Quatro homens e uma mulher – todos indígenas da etnia Kulina – são suspeitos de praticar o crime. No local do assassinato, às margens de um igarapé localizado dentro da aldeia Cacau, também foram encontradas garrafas de aguardente que indicam o consumo de bebida alcoólica antes do crime.

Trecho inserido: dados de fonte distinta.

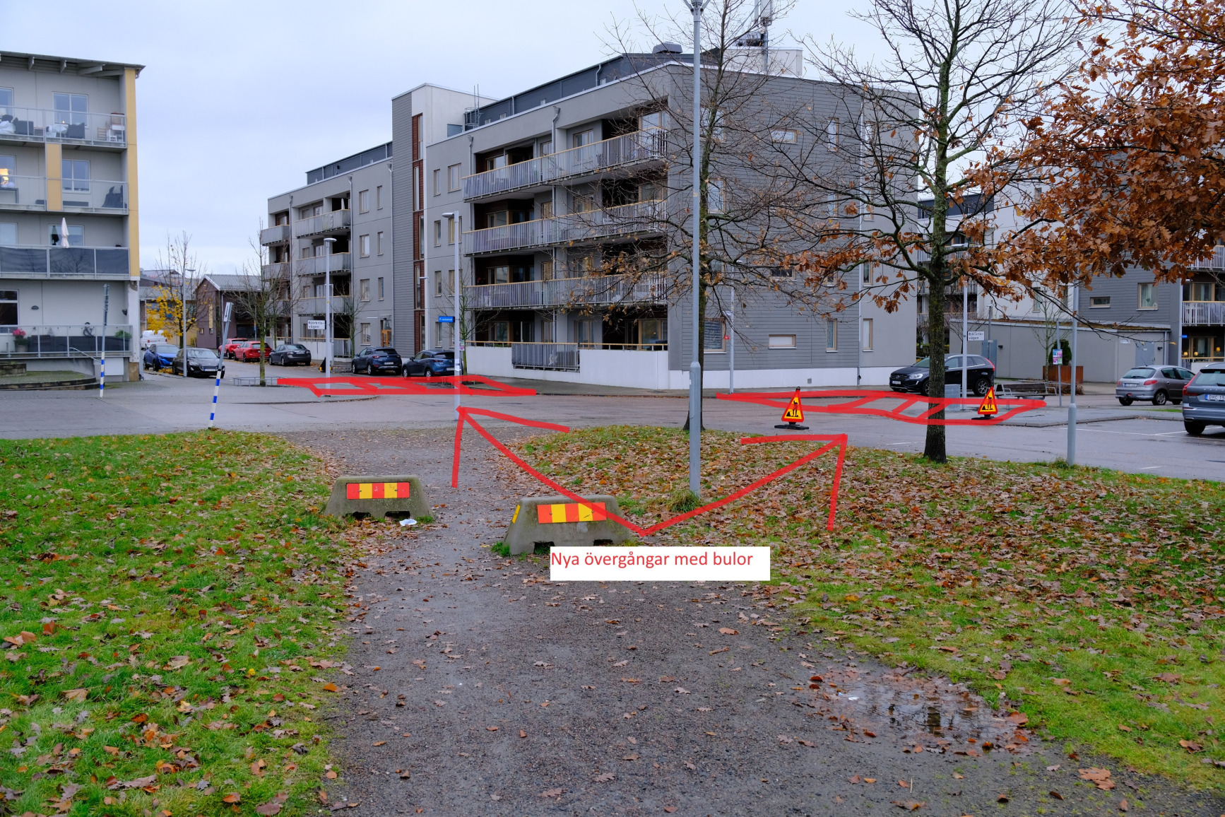 Där kommer att byggas 2st övergångsställen med vägbulor över Mor Eleonoras Väg, vid Pizzerian, samt över Björkrisvägen från skolans nordvästra hörn.

O coordenador da Coordenação das Organizações Indígenas da Amazônia Brasileira (Coiab), Jecinaldo Sateré, afirmou que desconhece qualquer registro que trate da prática de canibalismo entre o povo Kulina. Para a organização, a divulgação equivocada desse tipo de ato pode ser mais uma tentativa de denegrir a imagem dos indígenas no país.

“O caso vai ser investigado. Entretanto, de imediato, o que também está nos deixando mais preocupados é o consumo de bebida alcoólica na região”, afirmou Sateré.

Para a direção da Coiab, as acusações contra os Kulina fortalecem o preconceito e discriminação racial. A organização indígena informou que também enviará à direção da Funai pedido para formação de uma equipe de antropólogo e assistente social para fazer um laudo técnico sobre o episódio. O objetivo, segundo a direção da entidade, é garantir segurança e proteção do povo Kulina. Em Envira, segundo a Coiab, vivem aproximadamente 800 indígenas da etnia.

Em entrevista à Agência Brasil, a presidente da Comissão Organizadora do Movimento Indígena Regional (que reúne índios do Acre, do Sul do Amazonas e Noroeste de Rondônia), Letícia Yawanawa, ressaltou que o fato de o assunto ter tomado repercussão nacional causou aos outros indígenas uma situação de desconforto. Segundo a líder indígena, que atualmente vive em Rio Branco (AC), o assunto chegou às escolas e provocou novas situações de preconceito entre as crianças. Ela criticou a abordagem dos veículos de comunicação sobre a questão.

“Estou chocada com as matérias veiculadas sobre o assunto. Hoje meus filhos foram à escola e voltaram chorando e entristecidos porque os colegas disseram a eles que não poderiam se aproximar porque eles [meus filhos] comiam ser humano”, lamentou.

Matéria de Amanda Mota, da Agência Brasil, publicada no EcoDebate, 21/02/2009.